_Exercise aim_. Repeat, exactly and in full, the lines of the listing below, but without any pictures.

_Provided data_.
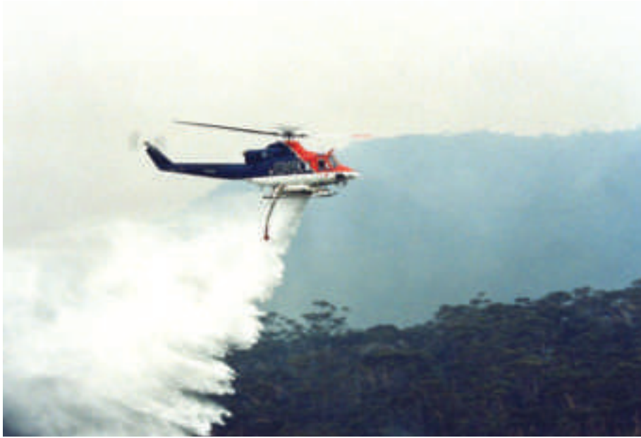
Smother: A Bell 212, one of the firefighting “workhorses” releases a load.
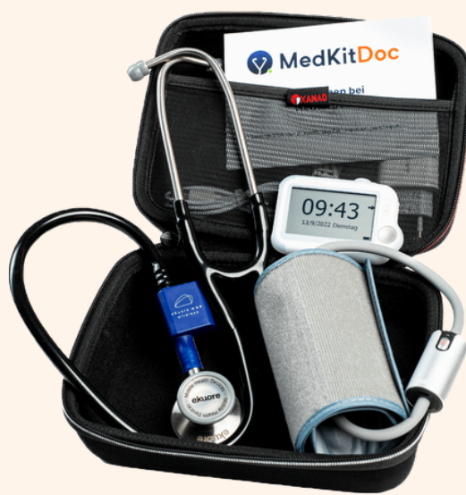
Certified Medical Devices
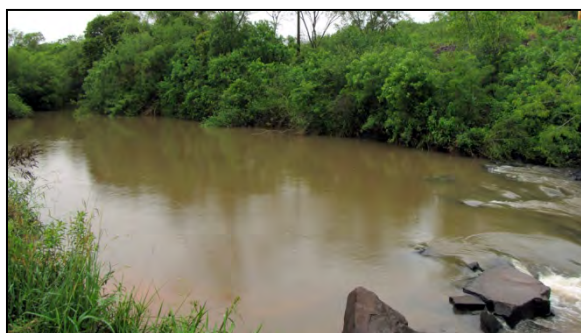
fig. 6. Río Tembey tributary at RN6, Río Paraná drainage, Paraguay, 14.11.2009, 14:55, 26°20'53.28"S - 55°13'46.30"W, 255 m. Australoheros guarani was not caught at this time neither with cast net nor with three 20m gillnets. The locality was collected in suboptimal conditions after several days of heavy rain (see high water level and turbid water).

_Response to this exercise_.
Smother: A Bell 212, one of the firefighting “workhorses” releases a load.
Certified Medical Devices
fig. 6. Río Tembey tributary at RN6, Río Paraná drainage, Paraguay, 14.11.2009, 14:55, 26°20'53.28"S - 55°13'46.30"W, 255 m. Australoheros guarani was not caught at this time neither with cast net nor with three 20m gillnets. The locality was collected in suboptimal conditions after several days of heavy rain (see high water level and turbid water).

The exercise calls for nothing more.